The Murders of Miss Jean Augsburg | Teen Ink

The Murders of Miss Jean Augsburg

April 7, 2010
By KICK3593 PLATINUM, Roslyn Heights, New York
KICK3593 PLATINUM, Roslyn Heights, New York
49 articles 0 photos 74 comments

In an unknown place, and in an unknown time, whilst for unknown moments of hatred, and whilst for unknown moments of abhorrence, without memory, and without momentum, in no restraint, and in no force, in the air, and around the matter, a candle is being lit for a woman named Jean Augsburg. I am not lighting this candle, and if I were I would only do so in the most intensified, disgustingly unrefined contemplation, and it would probably be too long a procedure for me. In that way, I, along with many other people, am not worthy to light the candle. The person who is lighting this candle is a Western and Japanese man of a great integrity that came from his upbringing; he is in some Japanese village on some Japanese island, where some Japanese ideal is being treated.
There are other candles, being lit by many dead persons. In whatever underworld exists, they are walking single file along the pathway that Jean Augsburg has condemned them to in her murders and the murders of which she has committed. Jean Augsburg is dying; she is dying of depression, and it will soon be over. All the thoughts that have been pierced or absorbed, processed by the single set of functions of her mind, repeated, and reemitted as emptiness, contributed to the poisonous, corrupting side effect that always exists somewhere in the human mind, always comes as a mold that roots itself into the soul of the outermost wall of conscience.

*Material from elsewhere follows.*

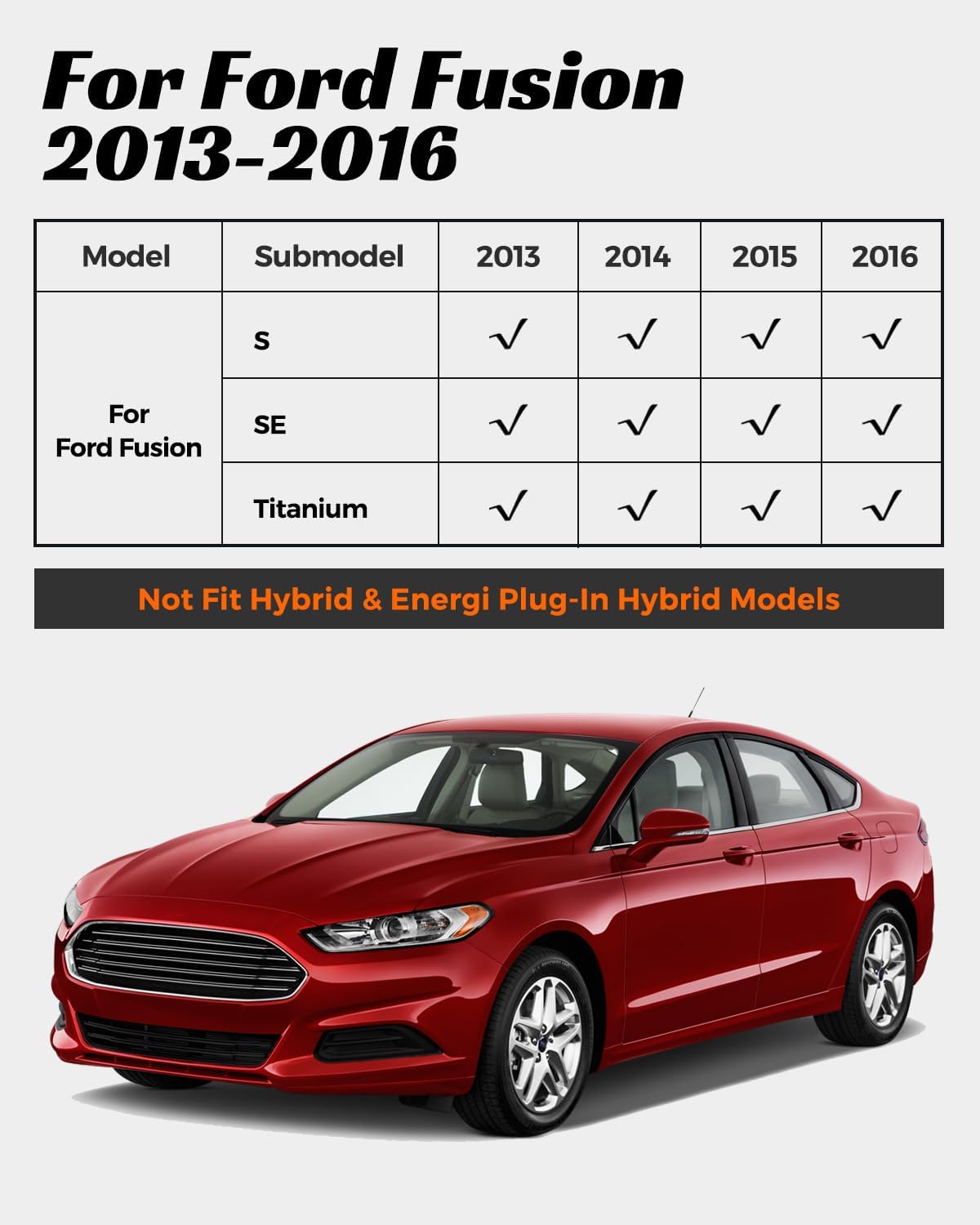 - Material Thermoplastic Elastomer (TPE) : Vehicle Service Type for Ford Fusion 2013-2016

Jean Augsburg has been murdered by these people, and she has murdered them; and they have murdered Jean Augsburg, a woman of forty-four, a woman of fifty-two, a woman of seventy-two, and finally a woman of ninety-three, an old woman who, late in life, renowned herself in prostitutes, both male and female; who, late in life, made a sorrowful impression upon the stairs of the useless building she lived in, climbed those steps driftingly and left them with the feeling of being stepped on but with the bereavement of directness; who, late in life, committed her last murders, of an unconscious woman and her newborn fetus child; and who, late in life, now feels the slightness of ascension, leaving us a useless building, a musty bed, a half-swept floor, a cupboard of meaningless, useless things, a clean but gritty window and windowsill and lime green sheer curtains, a few written pages on a newly bought mahogany desk, a white ceiling, the bare walls left to age, and a basement filled with unopened mail that is heartbreaking to know has never been read and is all the letters she would receive in her adult life.
And Miss Jean Augsburg “murdered” me. She almost did really murder me, but I stopped her, and she comes to me for thousands of times of images as nine different, vague ghosts. And since I murdered her, I murdered her again. You would think I write this as an apology, as my way of saying ignosce mihi to Jean Augsburg, as a gratification. But it is not that. Nothing pleases her, never again; only the old prostitutes are those around her able to reminisce with their slovenliness, while the teenaged are ecstatic from experimentation.
The pity begins with awkwardness, as all pity begins…


The author's comments:
This is the beginning of a novel I have been thinking about for so long. It is meant to be somewhat satirical, with all the naivity that makes up the passage, but it almost suggests picaresque, in a way, that it is like realistic fiction, almost like Twain, but without the wit.